The often-conservative state legalized medical marijuana in November 2016, and the first store opened on March 1, 2019.

Since the initial passage, citizens have faced roadblocks when attempting to become patients. Moreover, patients can consume only dried marijuana leaves and flowers or products containing THC, such as concentrates, tinctures, capsules, transdermal patches and lotions.

Those advocating for the policy change say that edible squares and lozenges are a much healthier option as they allow for more accurate dosing.
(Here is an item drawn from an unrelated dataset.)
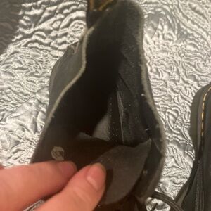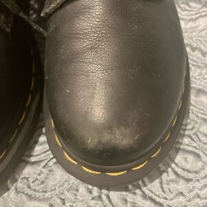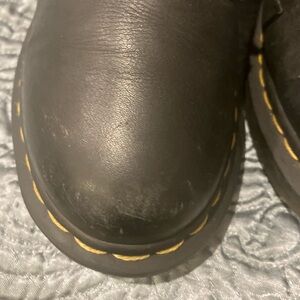 Step out in style with these Dr. Martens black leather boots. Known for their durability and iconic design, these boots are perfect for any occasion. The sleek black color adds a touch of sophistication to your look. Very gently worn, ultra soft leather on ankles.
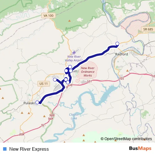 See why over 2 million users trust and consider busmaps.com as the best public transport website. busmaps gives you Pulaski Buses suggested routes, real-time bus tracker, line route maps in Pulaski, and helps to find the closest New River Express bus stops near you. No internet available? Download an offline PDF map and bus schedule for the New River Express bus to take on your trip.

"This is something the people wanted," Vetter said. "The people voted for this, and now here we are, six years later, trying to give the people what they originally asked for."

However, those opposing the effort are raising concerns that cannabis edibles could be easily ingested by children possibly resulting in major health hazards.

According to findings recently published in the journal Pediatrics, there have been 3,054 cases of children accidentally eating edible cannabis reported in 2021 compared to 207 in 2017. Another study published in Clinical Toxicology showed similar results, with a staggering 245% increase in cannabis abuse among adolescents since 2000.

Meanwhile, in terms of the legalization of the recreational use of marijuana, North Dakotans remain more conservative.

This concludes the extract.